RICHMOND, Va. — Irvo Otieno, a 28-year-old Black man whose death last month at a Virginia mental hospital has sparked outrage and led to second-degree murder charges against 10 defendants, died of “positional and mechanical asphyxia with restraints,” a medical examiner’s office said Monday.


Arkuie Williams, the administrative deputy in the state Office of the Chief Medical Examiner, confirmed the cause of death findings to The Associated Press after attorneys for Otieno’s family first shared them in a statement.


The manner of death was homicide, Williams wrote in an email.

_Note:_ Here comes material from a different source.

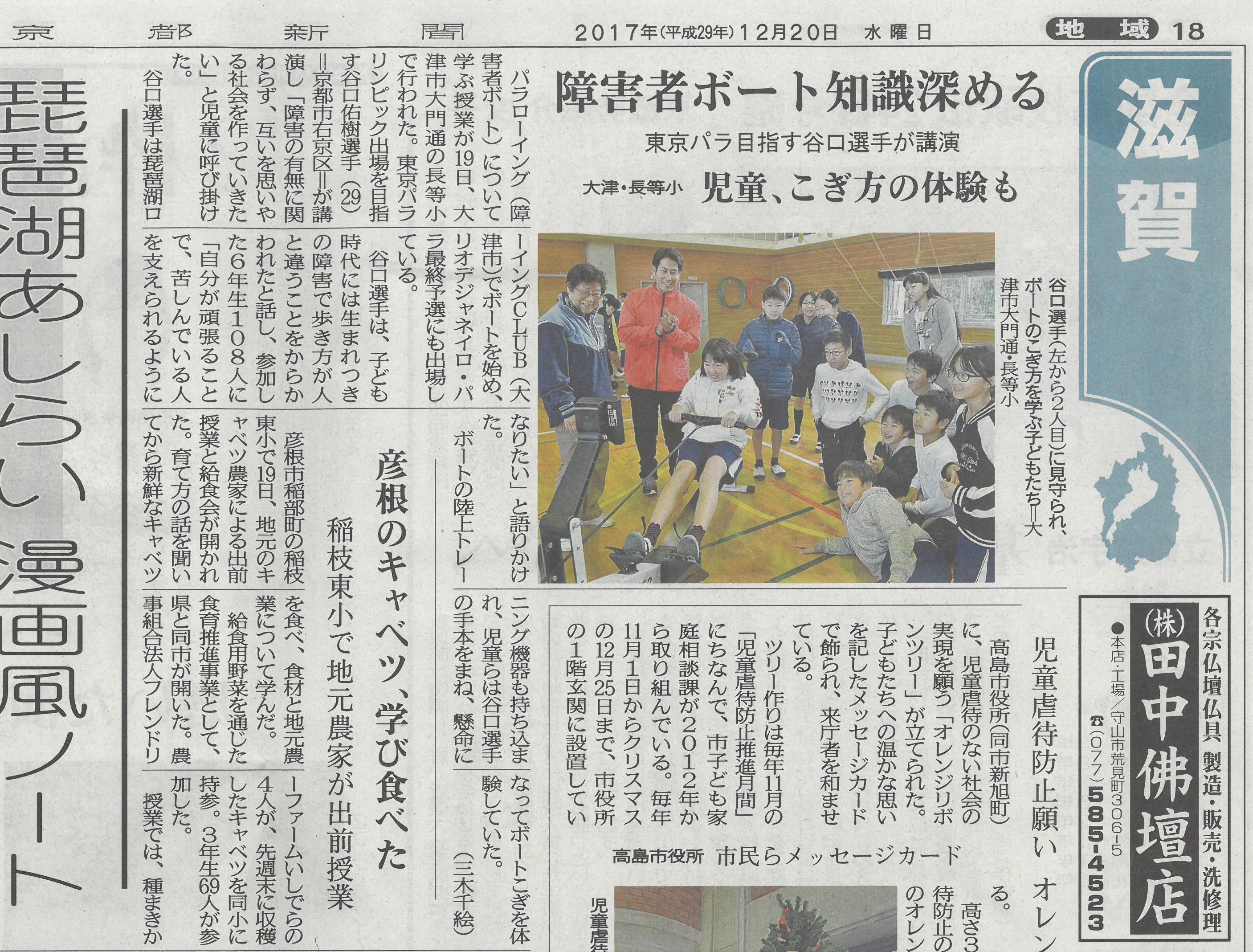2017/12/20 (長等小学校)京都新聞 このたび、「京都新聞」にて当プロジェクトの取り組みをご紹介いただきました。日頃の活動を丁寧に取り上げていただき、大変励みとなっております。上記より掲載記事をご覧いただけます。

Otieno, who struggled with mental illness, died March 6 after he was pinned to the floor while being admitted to Central State Hospital in Dinwiddie County.

Video released earlier this month showed sheriff’s deputies and hospital employees restraining a handcuffed and shackled Otieno for about 20 minutes after he was forcibly led into a hospital room. For much of that time, Otieno was prone on the floor, pinned by a group so large it blocked the camera’s view of him at times.


Personnel who realized he appeared limp and lifeless eventually began resuscitation efforts, the video showed. Otieno’s family and their attorneys have said he posed no danger and was simply trying to breathe.

“The official cause and manner of death is not surprising to us as it corroborates what the world witnessed in the video,” family attorneys Ben Crump and Mark Krudys said in a statement. “In a chilling parallel to George Floyd’s killing, Irvo was held down and excessively restrained to death, when he should have been provided medical help and compassion. It is tragic that yet another life has been lost to this malicious and deadly restraint technique.”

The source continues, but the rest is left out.